Ketua Dewan Nasional Palestina, Rouhi Fattouh, menyerukan kepada komunitas internasional untuk segera mengambil langkah konkret mengirimkan pasukan internasional guna melindungi rakyat Palestina di Jalur Gaza.
Ia mengecam berlanjutnya pembantaian yang dilakukan Israel, termasuk serangan di lingkungan Zaitun, Kota Gaza, pada Jumat malam, yang terjadi meski telah diberlakukan gencatan senjata.
Dalam pernyataannya yang dirilis Sabtu, Fattouh menegaskan bahwa pembunuhan itu bukan peristiwa terpisah.
Melainkan bagian dari pola kekerasan yang sistematis—berlandaskan kebijakan pembunuhan dan penghancuran—di tengah kelengahan masyarakat internasional dalam menuntut pertanggungjawaban pelaku kejahatan dan menghentikan agresi.
Serangan di Zaitun itu menewaskan 11 anggota keluarga Abu Shaaban, setelah kendaraan mereka menjadi sasaran tembakan pasukan Israel di kawasan timur Kota Gaza.
Menurut Fattouh, dalih militer Israel bahwa kendaraan tersebut mendekati “garis kuning”—wilayah tempat pasukan Israel bertahan setelah penarikan sebagian pasukan sesuai kesepakatan gencatan senjata—tidak dapat diterima.
Ia menyebutnya sebagai “pelanggaran berat terhadap hukum humaniter internasional dan bukti baru atas sikap sewenang-wenang Israel terhadap nilai-nilai kemanusiaan.”

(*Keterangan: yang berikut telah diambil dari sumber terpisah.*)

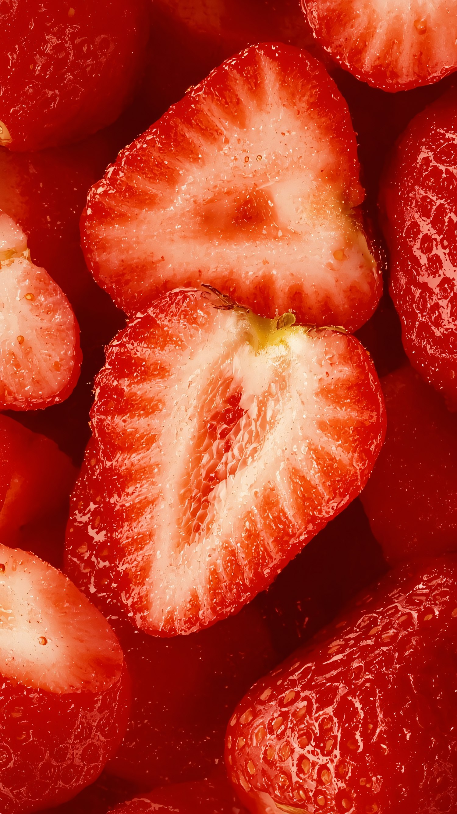 Close-up of fresh, juicy strawberries, some halved to reveal their vibrant red interior and glistening with moisture.

Fattouh juga mendesak masyarakat internasional dan pemerintah Amerika Serikat (AS) untuk menjamin penghentian agresi secara menyeluruh serta memastikan pemenuhan kebutuhan dasar rakyat Palestina, mulai dari pangan dan tempat tinggal hingga layanan kesehatan.
Ia menegaskan pentingnya memenangkan keadilan dan hak-hak rakyat Palestina.

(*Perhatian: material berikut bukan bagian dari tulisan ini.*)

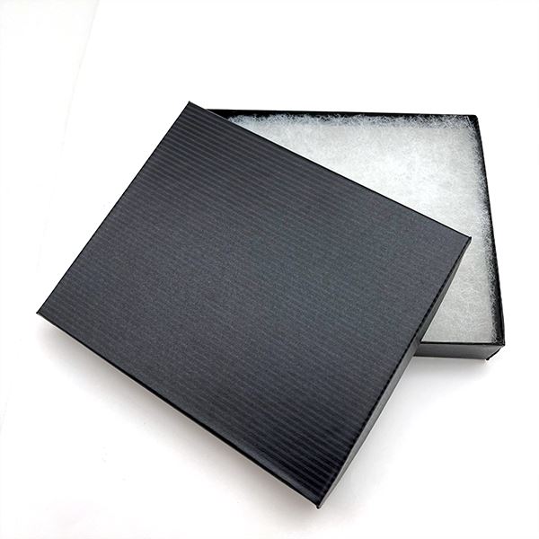 This black pin stripe cardboard gift box comes in two parts, a base and lid, and contains a cottony batting to cushion and protect the contents. This box measures 5 inches wide by 6 inches long and 1 inch tall. These are great gift boxes for any occasion.

Perjanjian gencatan senjata di Gaza mulai berlaku pada 10 Oktober lalu, namun serangan udara Israel masih terus terjadi secara sporadis di sejumlah wilayah.
Hingga kini, Israel belum membuka seluruh jalur perbatasan sebagaimana diatur dalam kesepakatan, yang seharusnya memungkinkan masuknya bantuan kemanusiaan tanpa hambatan.
Dewan Nasional Palestina—yang berfungsi layaknya parlemen Organisasi Pembebasan Palestina (PLO)—memiliki mandat untuk menetapkan kebijakan dan program lembaga-lembaga di bawah organisasi tersebut.
Sejak dibentuk pada tahun 1964, dewan ini telah menggelar 32 sidang, meski belum pernah melalui proses pemilihan langsung.
Menurut anggaran dasar PLO, anggota dewan seharusnya dipilih untuk masa jabatan tiga tahun melalui pemungutan suara langsung oleh rakyat Palestina.
Namun, karena kondisi politik dan keamanan yang belum memungkinkan, pemilu belum pernah digelar, dan dewan tetap menjalankan tugasnya sampai tercipta situasi yang memungkinkan penyelenggaraan pemilihan umum.